Township set to hire officers
By Denise Dick
Revenue from the levy is expected to begin trickling into township coffers next month.
BOARDMAN — It will likely be April when new police officers join the township ranks.
“We’re starting to schedule the computer voice stress analyzer tests,” which are supposed to show if the job applicants are truthful, said police Chief Patrick Berarducci.
Last November, township voters passed a five-year, 2.2-mill safety services levy that’s expected to generate $2,078,924 annually. That cleared the way for the township to hire up to 10 police officers and to recall six of its nine laid-off firefighters.
“We’ll hopefully have people starting in April or May at the latest,” Berarducci said.
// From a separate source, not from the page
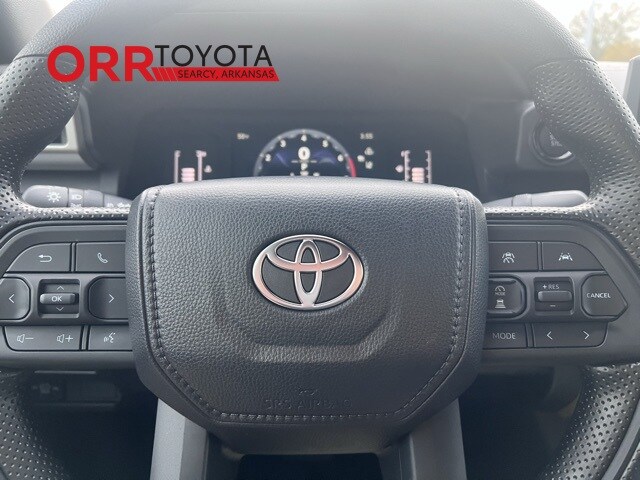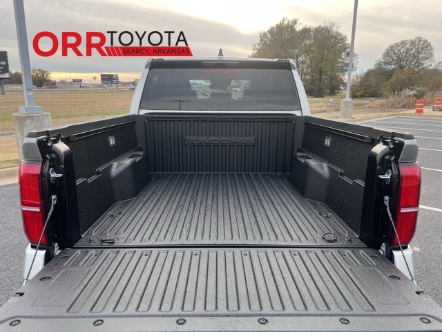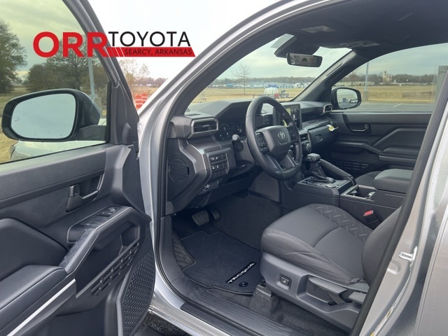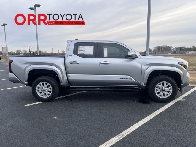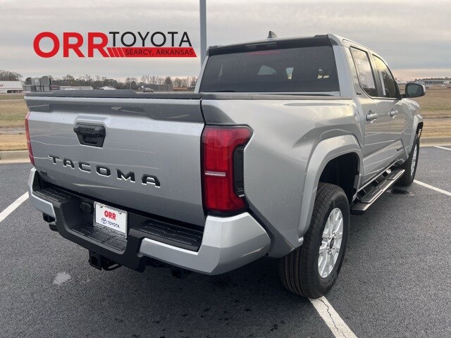 Silver 2026 Toyota Tacoma SR5 RWD 8-Speed Automatic 2.4L 4-Cylinder This Tacoma SR5 is nicely equipped with 3.583 Axle Ratio, 4-Wheel Disc Brakes, 6 Speakers, ABS brakes, Air Conditioning, Alloy wheels, AM/FM radio: SiriusXM, Anti-whiplash front head restraints, Apple CarPlay/Android Auto, Auto High-beam Headlights, Auto-dimming Rear-View mirror, Bed Front and Side Molle Panels, Brake assist, Bumpers: body-color, Carpeted Floor Mats, Driver door bin, Dual front impact airbags, Dual front side impact airbags, Electronic Stability Control, Emergency communication system: Safety Connect (up to 10-year trial subscription), Exterior Parking Camera Rear, Fabric Seat Trim, Four wheel independent suspension, Front anti-roll bar, Front Bucket Seats, Front Center Armrest, Front fog lights, Front reading lights, Fully automatic headlights, Heated door mirrors, Illuminated entry, Knee airbag, Low tire pressure warning, Occupant sensing airbag, Outside temperature display, Overhead airbag, Overhead console, Panic alarm, Passenger door bin, Power door mirrors, Power steering, Power windows, Radio: 8" Toyota Audio Multimedia, Rear step bumper, Rear window defroster, Remote keyless entry, Speed control, Speed-sensing steering, Split folding rear seat, Spray-on Bed Liner, Steering wheel mounted audio controls, Tachometer, Telescoping steering wheel, Tilt steering wheel, Traction control, Trip computer, Variably intermittent wipers, and Wheels: 17" Styled Alloy.
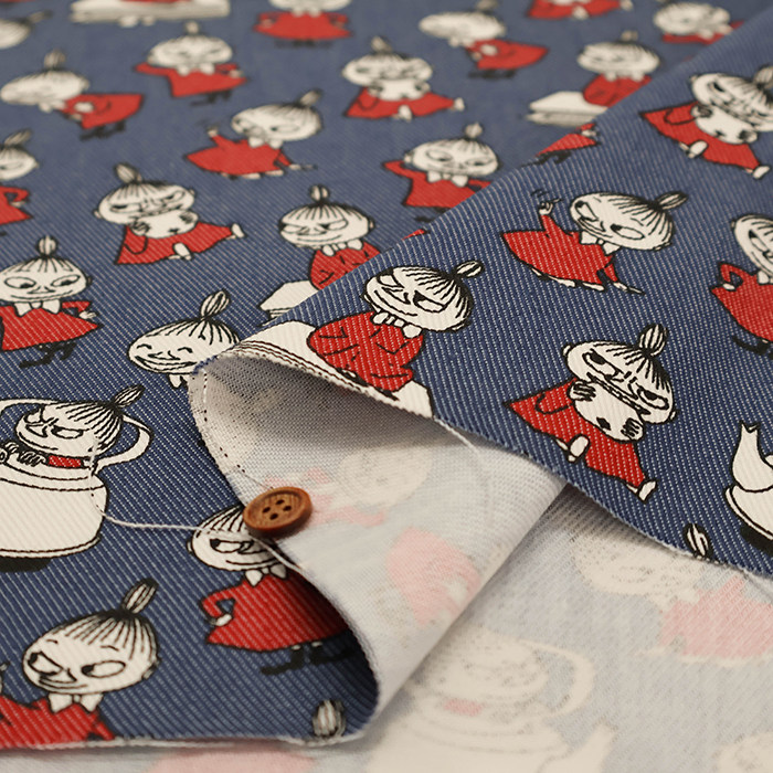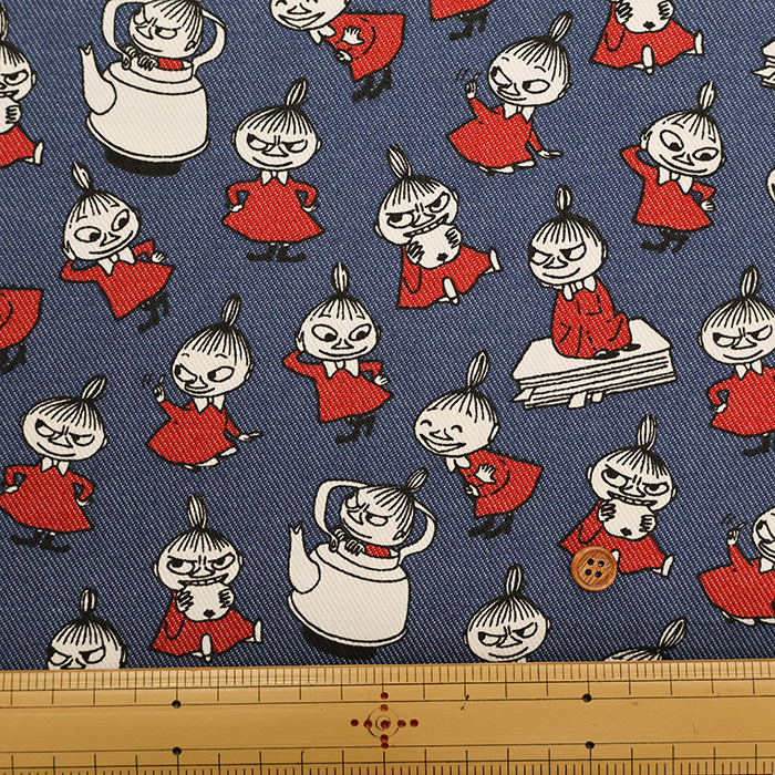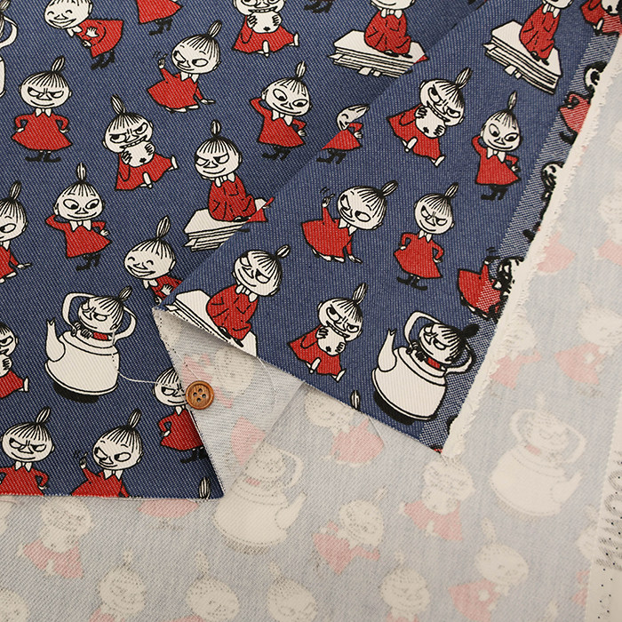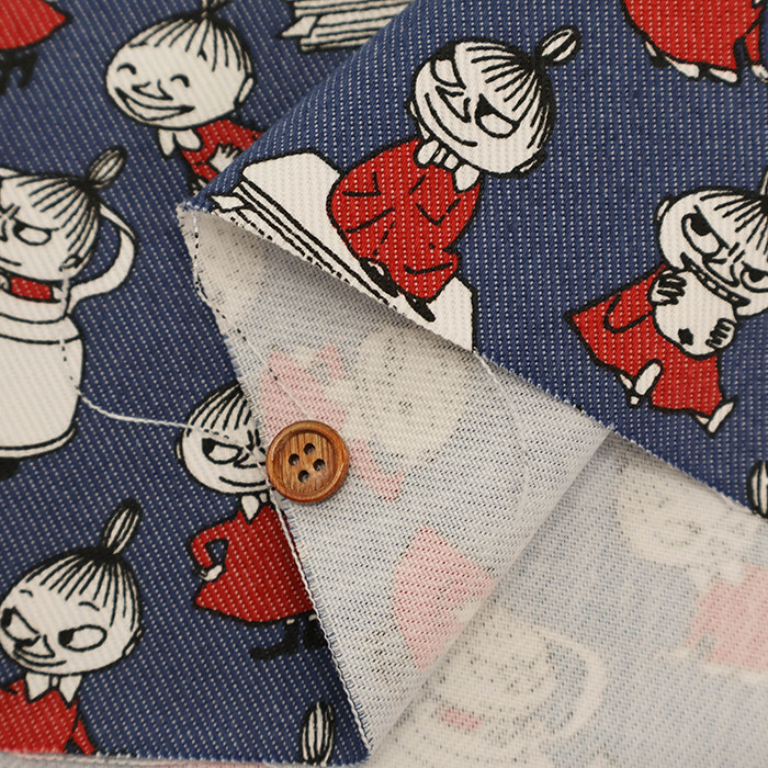 25cm日本进口棉聚酯混纺姆明moomin牛仔风动漫卡通角色斜纹布面料

Nineteen prospective police officers have been interviewed in initial sessions with two of the department’s sergeants. Those same 19 prospects will undergo voice stress analyzer tests, the chief said.
“We have a team of officers out there doing police checks with police departments where [those on the list] live, have worked or gone to school,” Berarducci said.
After completion of those checks and voice stress tests, narrowing of the list will begin, and the chief will conduct interviews with a captain and lieutenant. Interviews with trustees will follow, and candidates also must undergo formal background checks before being hired.
Jason Loree, township administrator, said revenue from the safety services levy should begin coming into township coffers next month.
The township’s fiscal office is developing revenue projections for this year. If those projections are lower than expected because of economic conditions, officials will have to revisit plans for a hiring timetable.
“Everything right now is going as planned for April,” Loree said.
Both he and Berarducci say they hope to phase in the new officers, three at a time.
“That will allow us to have one per shift,” Berarducci said. “We want to stagger them.”
Though sworn police officers escaped the layoff ax during the height of the township’s 2008 financial crisis, 13 officers who have left the department either through retirement or attrition since 2006 haven’t been replaced, taking the number of officers to 48 including the chief.